All political figures experience online abuse and harassment, but it is so much worse for women, who are simply expected to just deal with it. Attempts to engage in this conversation are often met with dismissive comments. Women are told to “harden up” get a “thicker skin” and to ignore threats of intimidation and violence. Told that it isn’t “that bad”.
But what happens when this does all get too much?
Well, they leave.
This is the crux of the issue. Because it means social media has become weaponised, designed to drive a certain kind of person out of politics. Something which directly impacts the kind of people who are left to represent us – and ultimately changes the way our democracy looks.
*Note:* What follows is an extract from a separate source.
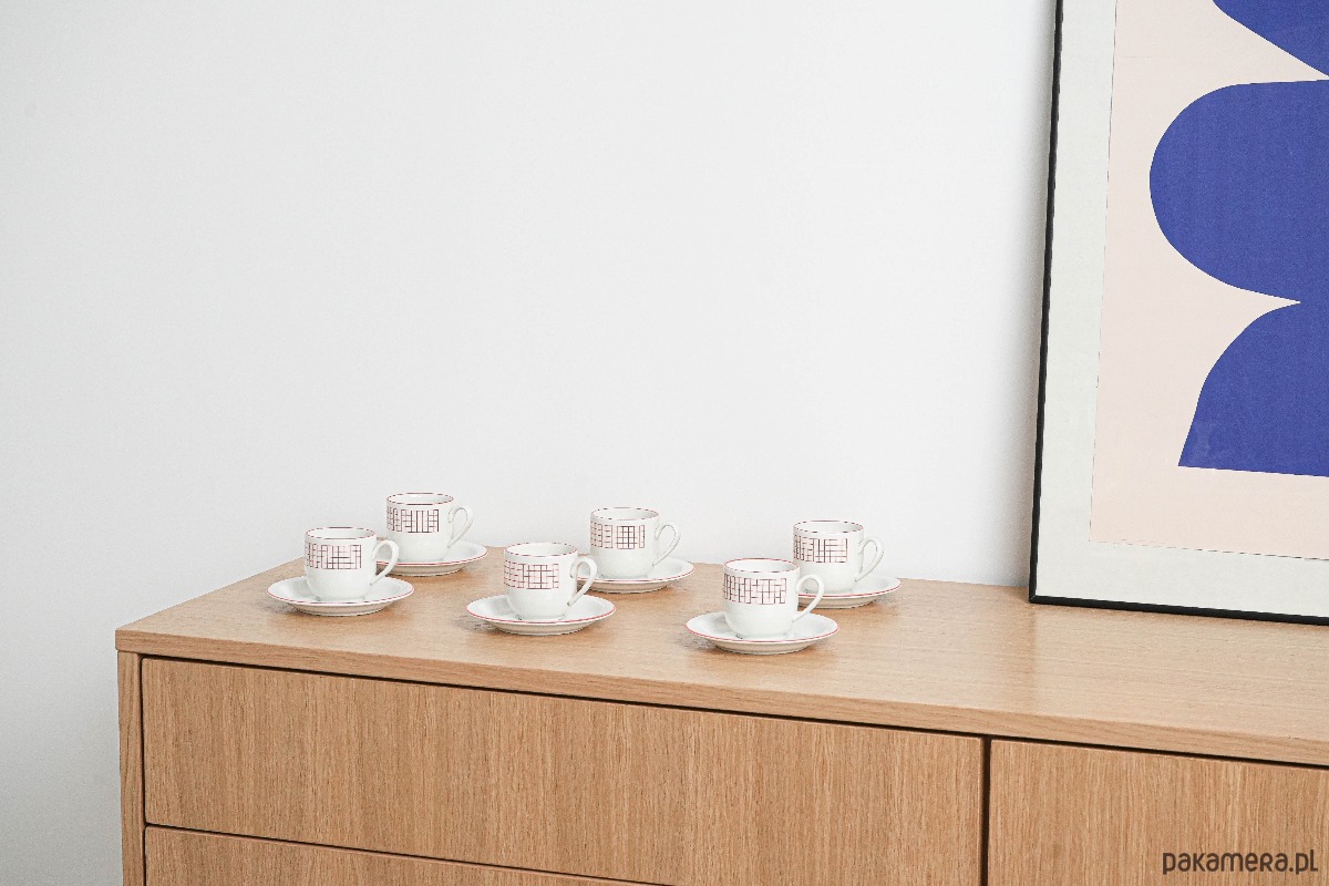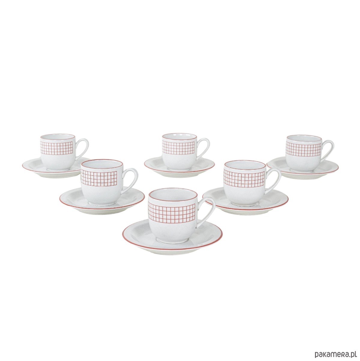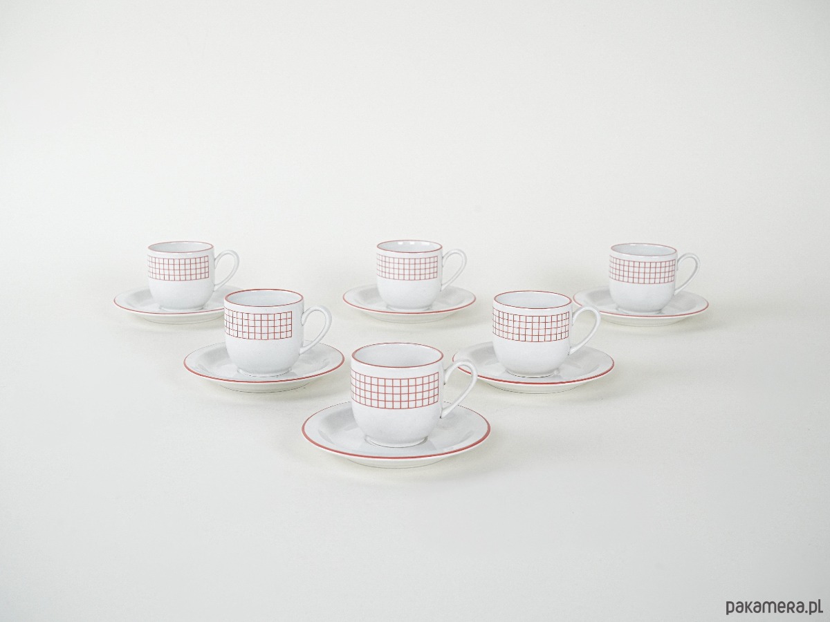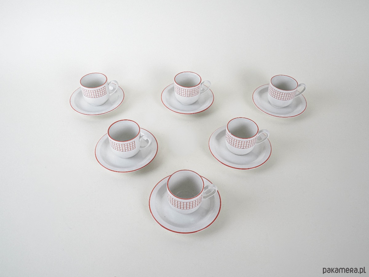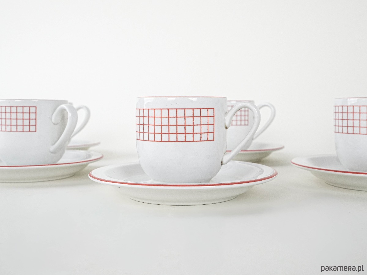 Komplet 6 filiżanek z porcelany w stylu retro, z geometrycznym motywem czerwonej kratki oraz pasującym, czerwonym rantem. Prawdopodobnie produkcja z lat 70.–80. XX wieku, charakterystyczna dla ówczesnych serii kawowych. Minimalistyczny, ale wyrazisty wzór sprawia, że zestaw świetnie wpisze się zarówno w nowoczesne, jak i eklektyczne wnętrza. Idealny do serwowania espresso lub mocnej kawy przy porannym rytuale.

A recent social media report by Bloomberg makes clear that women leaders, particularly women of colour who have experienced this abuse, are unlikely to encourage others from their community to follow in their footsteps. One of the MPs in today’s report said: “On the one hand, I want to see more brown women and young women in this space. And on the other hand, I’m like, stay away, stay away, don’t do it. It’s a real contradiction. Now, I don’t think I would have still chosen to do it …”
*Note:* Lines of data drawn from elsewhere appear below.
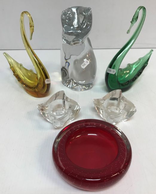 A Daum clear glass figure of a seated cat with etched signature 23 cm high together with two Murano style glass swan dishes/vases, one in amber, one in green 22 cm high together with a Whitefriars type bubble ashtray and a pair of Villeroy and Boch candleholders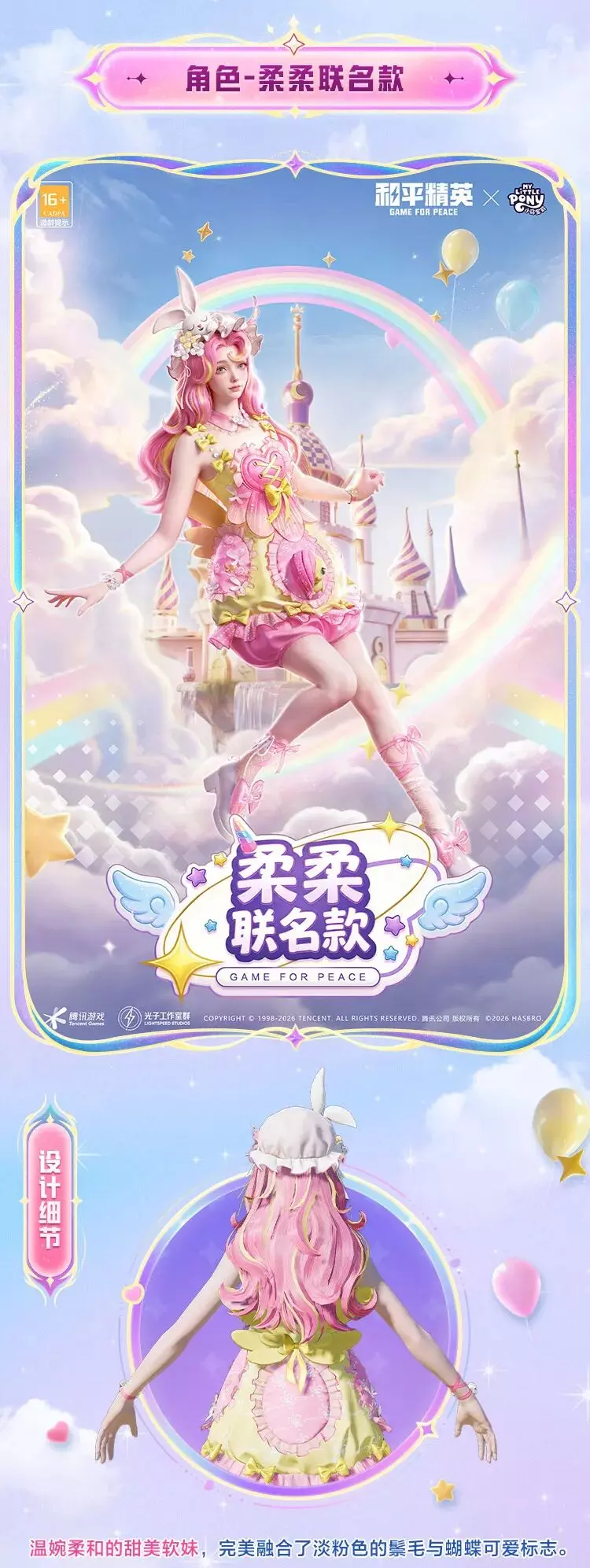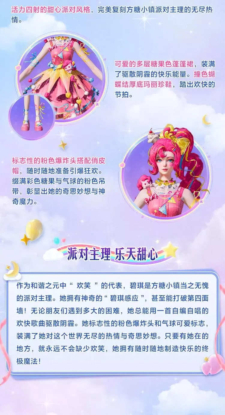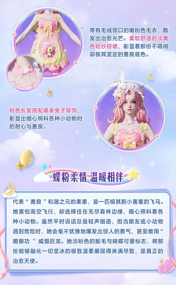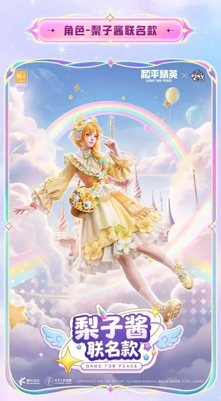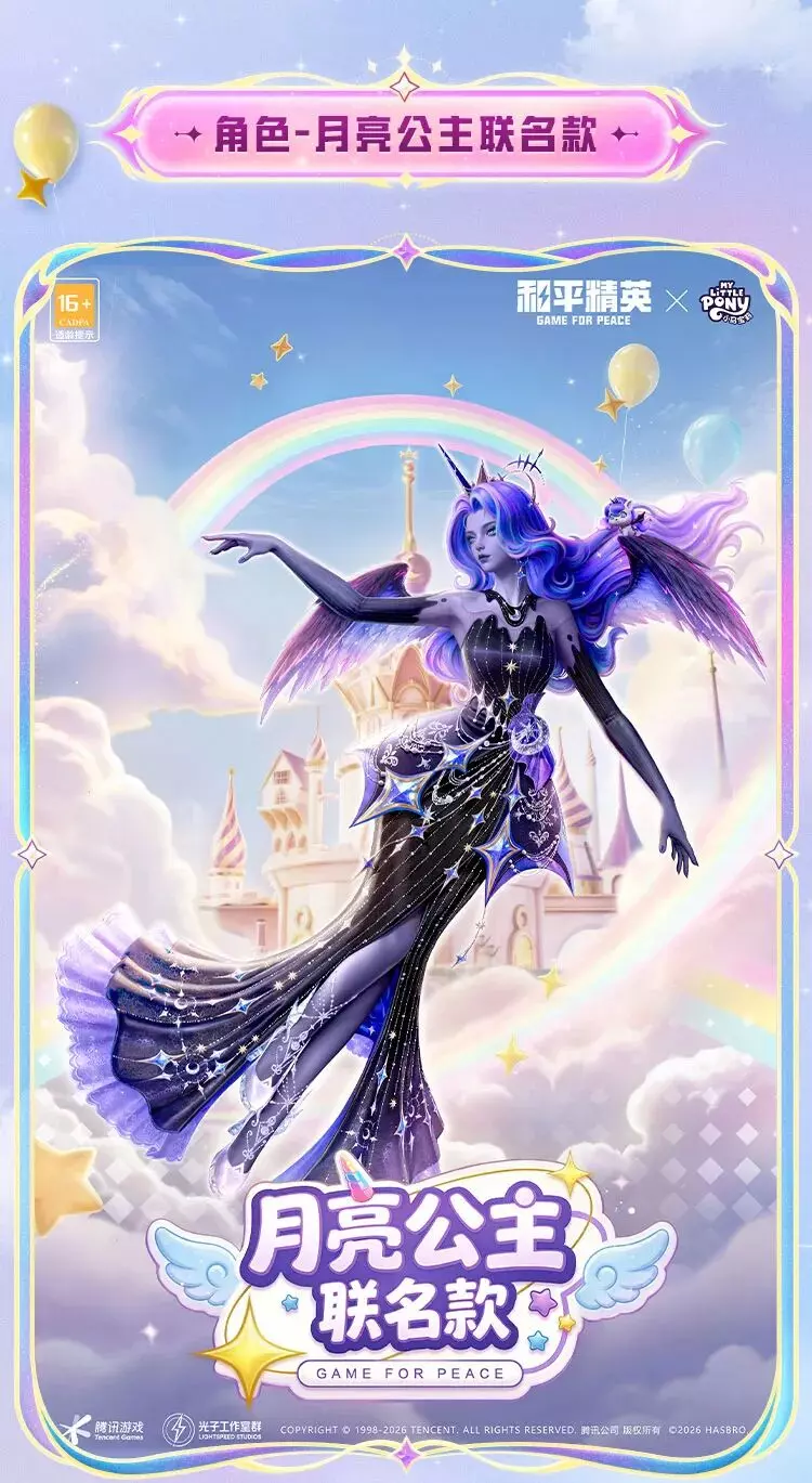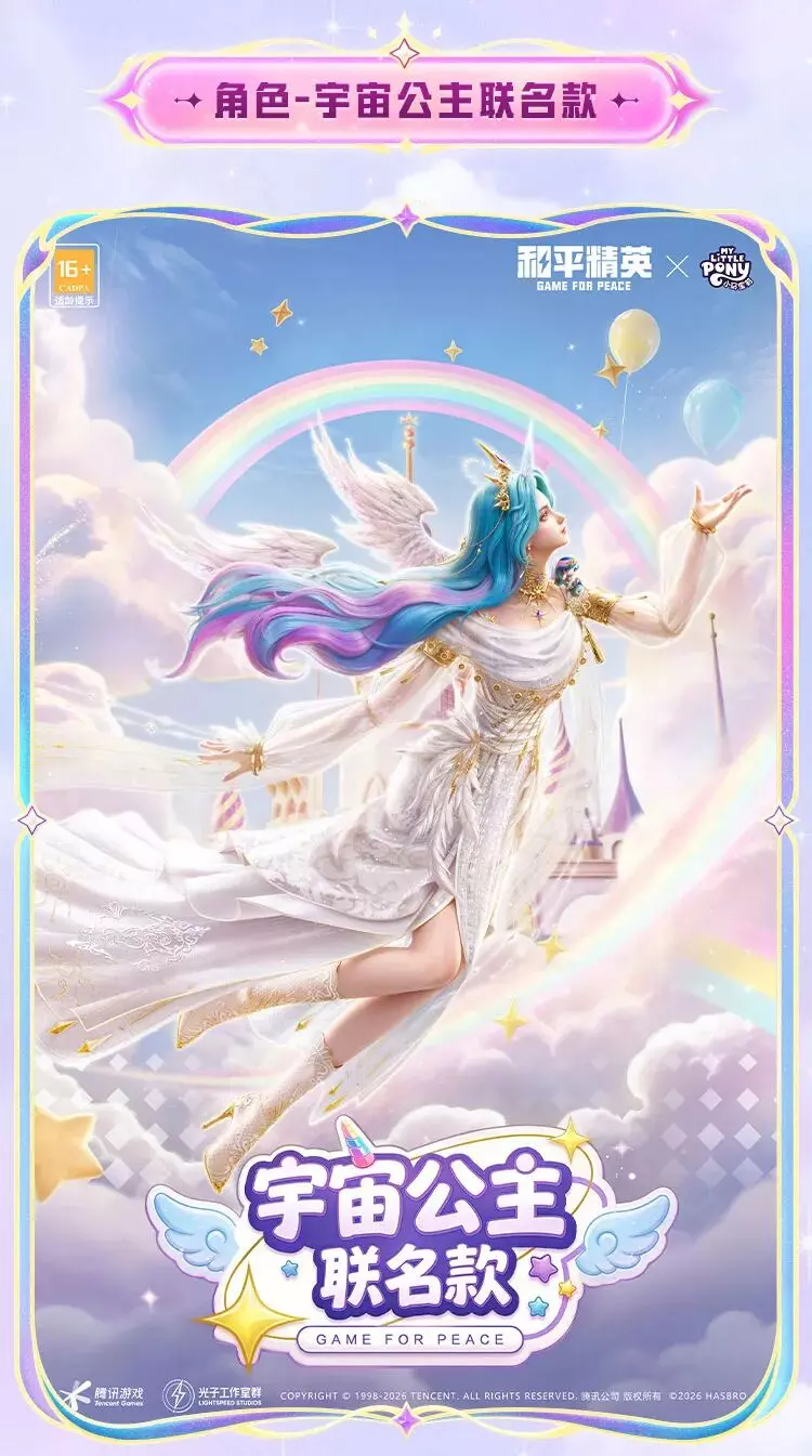和平精英将在4月24日上线官方正版授权的小马宝莉联动系列角色,包含月亮公主、宇宙公主、柔柔等多款联名皮肤,各皮肤还原了对应小马的风格与故事,将友谊魔法带到游戏中。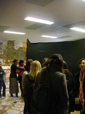 Puis le travail se divise en 3 groupes : fin de l'installation, réalisation du carton d'invitation en vue de l'exposition et montage vidéo.

Certain commenters will claim that any attempt to limit abuse, or hate speech, is an attack on freedom of speech, and in a purely binary sense they have a point. But the fact is, that by not controlling hate speech, freedom of speech is already being limited: the freedom for women and minorities to speak up, bullied or frightened into not speaking, because of the constant threats and abuse directed at them.
As we all know too well, social media is largely driven by engagement, which feeds particularly well on negativity and controversy. Meta has known this for some time, as is well-documented. For years now they have fought tooth and nail against anything they think may stand in the way of the profit those algorithms deliver to them.
In the past months, the owners of our most prominent social media platforms have openly declared their allegiances. Whether through Musk’s occupation of the White House, Zuckerberg’s embarrassing appeasement of Trump, or TikTok’s new-found debasement, it is now brutally clear where these corporations and their leaders sit on the political spectrum.
So, why aren’t we dealing with this issue? There are a number of immediate steps our government could easily take, such as updating the harmful digital communications act and regulating social media companies for more transparency and accountability, and with meaningful enforcement measures.
Personally I would go much further. The failure of social media has been too spectacular.
What’s happening now is too big to be ignored any longer. We can’t just pretend this isn’t happening, as I tried to in 2018. The costs are simply too high.
As disturbing as it is, it has been a privilege to go behind the scenes of these women’s channels. It’s been a humbling, weirdly intimate experience, and has woken me up to the digital challenges facing our society. I’ve seen a side of the internet that not many people, particularly white men, will ever have to see.